Car Thierry l’affirme aujourd’hui : « Pour une entreprise innovante, il ne faut jamais perdre de vue que c’est une stratégie globale à mettre en œuvre : il s’agit d’optimiser en permanence son montage financier entre capital social, quasi-fonds propres, comptes associés, etc. » Pour lui, faire son premier bilan demande une véritable éducation pour pouvoir accéder aux aides BPI !

Subventions (Bpifrance, H2020, Régions, etc.), Prêts et avances remboursables (Bpifrance, Régions…), ou encore exonérations fiscales (CIR, CII, JEI), le recours aux aides financières nécessite la mise en place d’une réelle stratégie économique afin d’optimiser la comptabilité et les capacités financières de l’entreprise. Il s’agit d’un cercle vertueux : plus l’entreprise fait preuve d’une bonne gestion comptable, plus elle est bonne candidate aux aides. Plus elle bénéficie d’aides, et plus sa stabilité financière est assurée.

Conseil n°1 | Bien comprendre la limite des fonds propres avant de solliciter les aides BPI France

Lorsque vous cherchez à obtenir une aide pour votre startup, et que vous vous adressez à la BPI, une question revient très souvent sur le tapis : quels sont vos fonds propres ? Cette notion, souvent mal comprise, est fondamentale pour obtenir vos subventions, vos avances, ou encore vos prêts ! En effet, les organismes publics peuvent vous financer dans la limite de vos fonds propres, qui représentent un “plafond” pour tous vos financements.

Les fonds propres apparaissent sur votre bilan. Il s’agit de la ligne “capitaux propres”, qui, d’année en année, augmente ou diminue en fonction de votre exercice fiscal. Mais la BPI procède à un calcul de vos fonds propres en y soustrayant vos dettes (prêts bancaires, etc.), et en ajoutant vos comptes courant d’associés. Ces derniers sont considérés comme des quasi-fonds propres. Si vous n’avez pas encore de bilan car vous êtes dans votre premier exercice fiscal, les fonds propres comptables sont généralement constitués par votre capital social versé en numéraire.

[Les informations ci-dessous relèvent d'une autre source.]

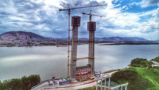 石首長江大橋全長2670米,為主跨820米的雙塔單側(cè)混合梁斜拉橋,主塔塔高232米,位列國內(nèi)斜拉橋前20?;炷亮簢鴥?nèi)首次采用預(yù)制提升滑移膠拼施工方法。項目成功解決了超高主塔快速施工及線形控制問題。大橋主塔已經(jīng)封頂,混凝土箱梁膠拼施工也將完工,大橋進入鋼箱梁吊裝施工階段。
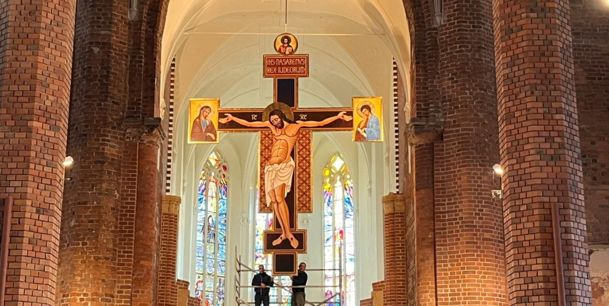 Udało się! W głogowskiej kolegiacie zawisł dziś monumentalny, siedmiometrowy krzyż autorstwa Mirosława Grzelaka. To wyjątkowe dzieło, łączące wizerunki Chrystusa Ukrzyżowanego i Zmartwychwstałego, stało się nowym, centralnym punktem świątyni.
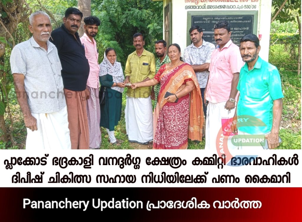 പ്ലാക്കോട് ഭദ്രകാളി വനദുർഗ്ഗ ക്ഷേത്രം കമ്മിറ്റി ഭാരവാഹികൾ ദിപീഷ് ചികിത്സ സഹായത്തിലേക്ക് 10,000 രൂപ സൗഹൃദ കൂട്ടായ്മ പ്രവർത്തകർക്ക്
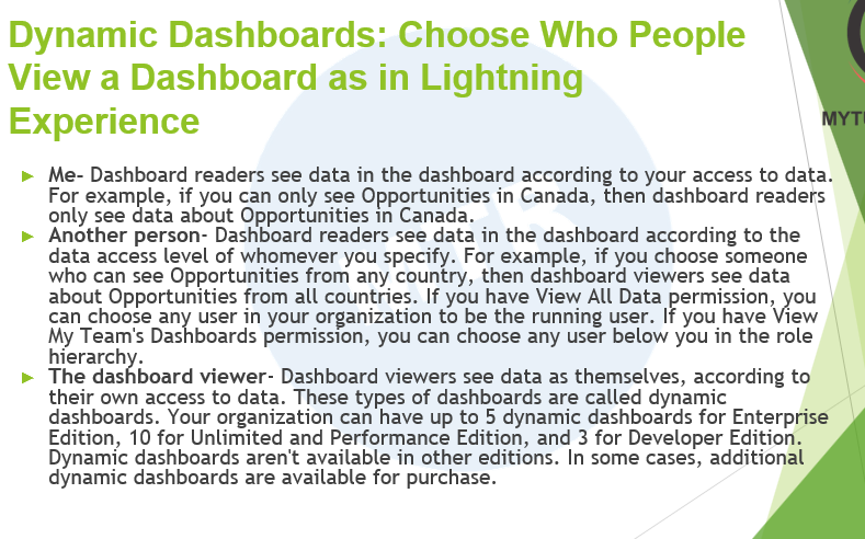 다이나믹 대시보드를 통해 Salesforce Lightning Experience에서 대시보드를 보는 사람이 누구인지에 따라 보이는 데이터를 동적으로 바꿀 수 있습니다. 이는 데이터 접근성을 맞춤화하고, 사용자별로 필요한 데이터를 정확하게 제공하는 데 매우 유용합니다.
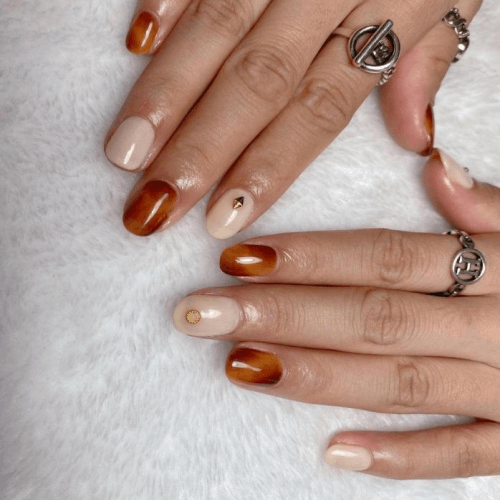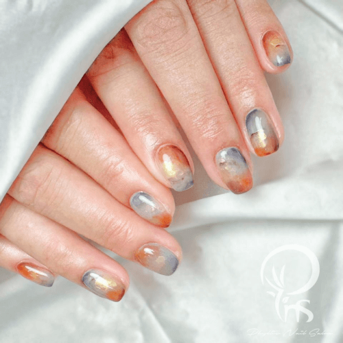▼寶石暈染也是美甲界相當受歡迎的款式,您可以利用運染技術創造各種寶石般的特殊色澤,秋冬經典不敗的琥珀美甲(左圖)便是屬於此類。
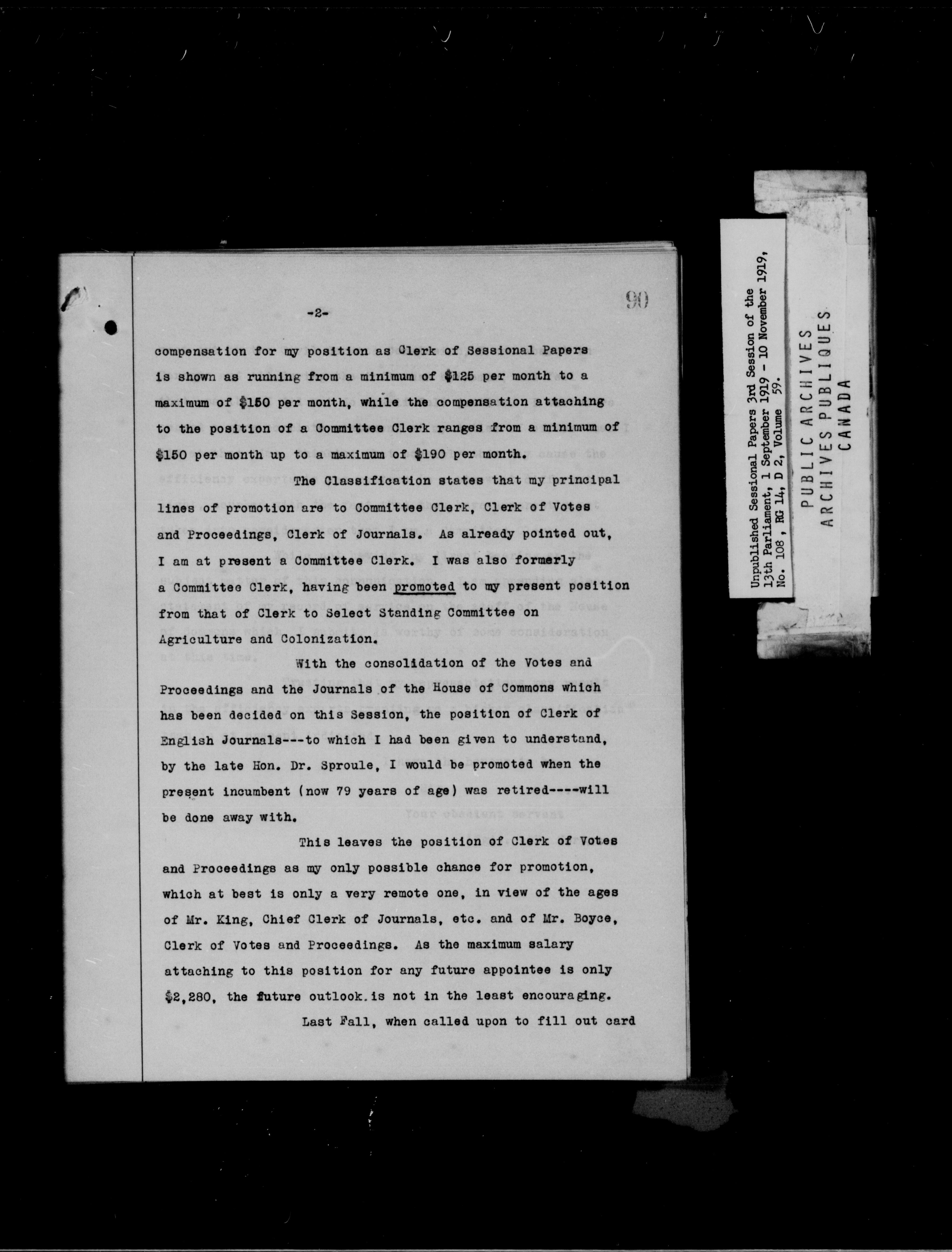 Unpublished Sessional Papers; 3rd Session of the 13th Parliament, 1 Sept. 1919-10 Nov. 1919 - 6946
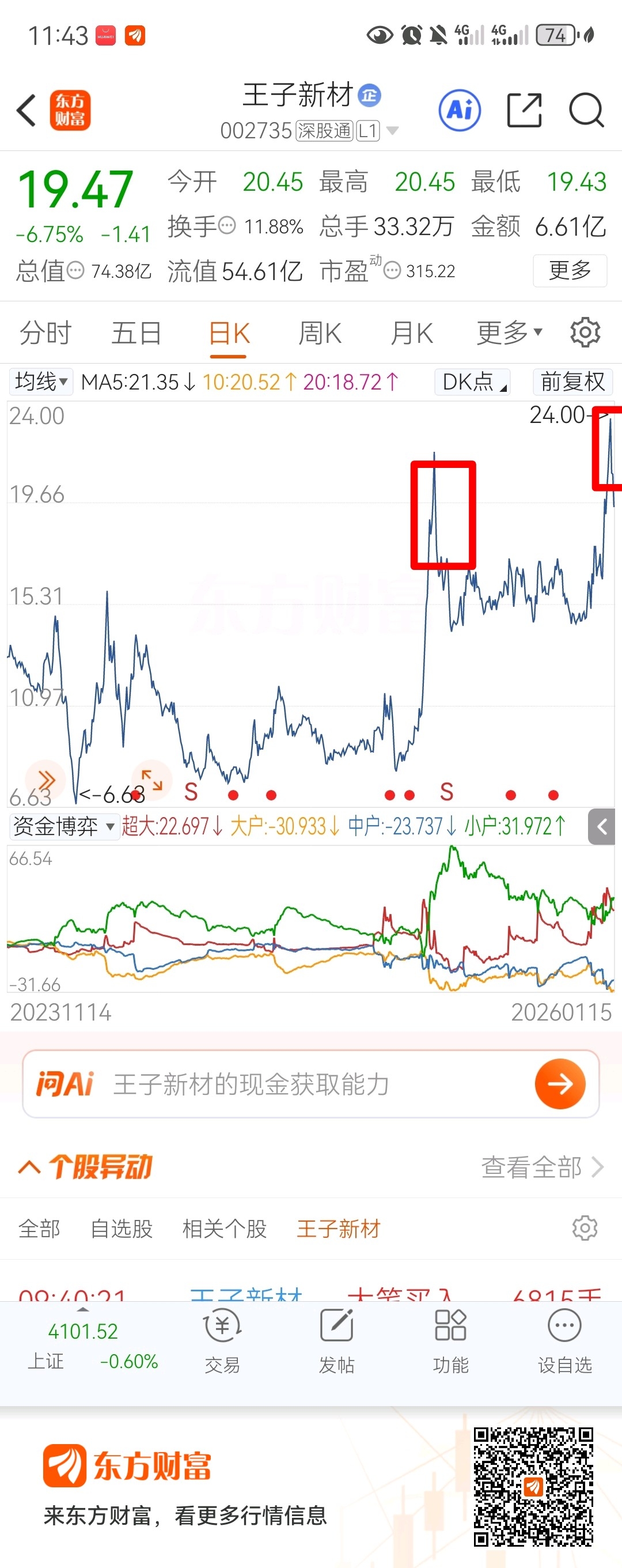 $王子新材(SZ002735)$ 继续两个月起步,昨天高点我清场离场,安心过年,保住肉了,开心
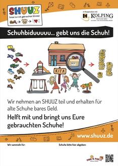 Wir nehmen an der Shuuz-Aktion teil. Dabei sammeln wir gut erhaltene und paarweise gebundene Schuhe, die nicht mehr gebraucht werden.
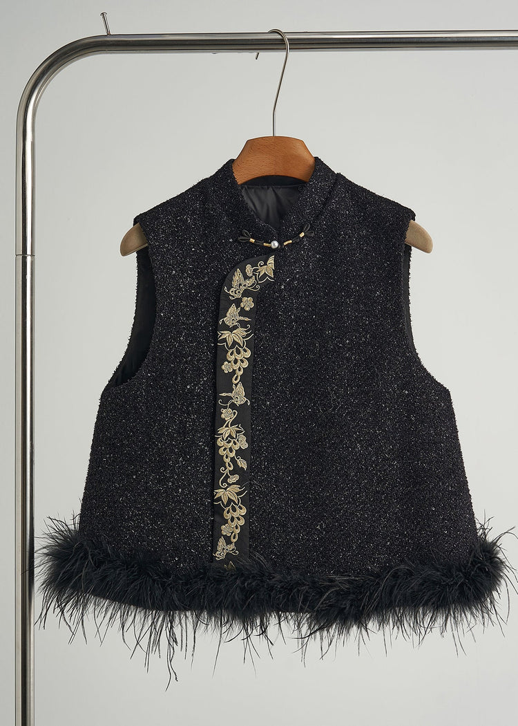 Style Black Embroidered Patchwork Feather Woolen Vests Fall

Conseil n°2 | Optimiser ses écritures comptables pour ne pas passer sous les 50% des fonds propres

La première règle selon Thierry est de veiller à ne jamais passer sous 50% des fonds propres, c’est-à-dire perdre la moitié de son capital social. Cela parait évident dit ainsi mais, dans la pratique, de nombreuses sociétés perdent la moitié de leur capital social, particulièrement au début de leur activité et bien souvent par méconnaissance des écritures comptables.

La perte de la moitié du capital social de la société signifie que le montant des capitaux propres d’une société est devenu inférieur à la moitié de son capital social. Il ne s’agit donc pas forcément de la perte de l’exercice qui dépasse la moitié du capital social. Il peut s’agir des pertes cumulées. Les capitaux propres sont les ressources de l’entreprise et correspondent au capital social plus les réserves plus le résultat de l’exercice.

Par exemple, une SARL au capital social de 1 000 € réalise une perte de 750 € au cours de son premier exercice social, les capitaux propres de la société seront de 250 €. Les capitaux propres de la société sont donc inférieurs à la moitié du capital social.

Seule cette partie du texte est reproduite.